Romania’s Far Right Imports Anti-Immigrant Line

Historically, Romania has had more emigration than immigration. Yet nationalist parties are now importing US Republicans’ anti-immigrant talking points, using culture-war rhetoric to distract from bigger economic questions.

George Simion, the leader of the far-right Alliance for the Union of Romanians. (Klaudia Radecka / NurPhoto via Getty Images)

In late August, a twenty-year-old Romanian fascist admirer filmed himself as he attacked a Nepalese food-delivery worker. “Go back to your country, invader!” he shouted as he punched the migrant’s face. Around the same time, a brawl erupted between Romanian and foreign employees at an IKEA factory. Meanwhile on Facebook, an MP for the leading far-right party, now sadly mainstream, advocated for people to refuse food if delivered by a foreigner.
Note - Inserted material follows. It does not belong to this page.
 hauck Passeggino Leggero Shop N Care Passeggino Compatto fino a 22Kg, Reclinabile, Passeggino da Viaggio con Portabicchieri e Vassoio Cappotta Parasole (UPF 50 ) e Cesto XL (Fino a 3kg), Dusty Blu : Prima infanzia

Late in October, the New Right — an overtly fascist party — held a protest in the capital, Bucharest, against the “replacement of Romanians with foreign populations of a non-white race.” In early November, another far-right leader, George Simion — runner-up in the recent presidential election — and his nominee for Bucharest’s mayoral race posted a picture with them between two buildings. “Romanians live in the building on the left, migrants live in the one on the right, renovated with state funds,” he wrote — insinuating that migrants get all the benefits, not Romanians.

Before 2025, anti-migration discourse had been virtually nonexistent in Romania. So how did we get to this?
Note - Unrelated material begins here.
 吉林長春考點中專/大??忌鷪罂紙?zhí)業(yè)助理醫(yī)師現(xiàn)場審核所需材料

Just a few years ago, migrants were a rare sight even in Bucharest, a city of two million people. Now they have become a visible part of the workforce, including in smaller towns, especially in construction and hospitality. To illustrate: in 2017, the government set the quota for new permits for foreign workers at 8,000. By 2022, it was set at one hundred thousand and has added one hundred thousand new permits each year. Most come from South Asian countries like Nepal, Sri Lanka, or Bangladesh.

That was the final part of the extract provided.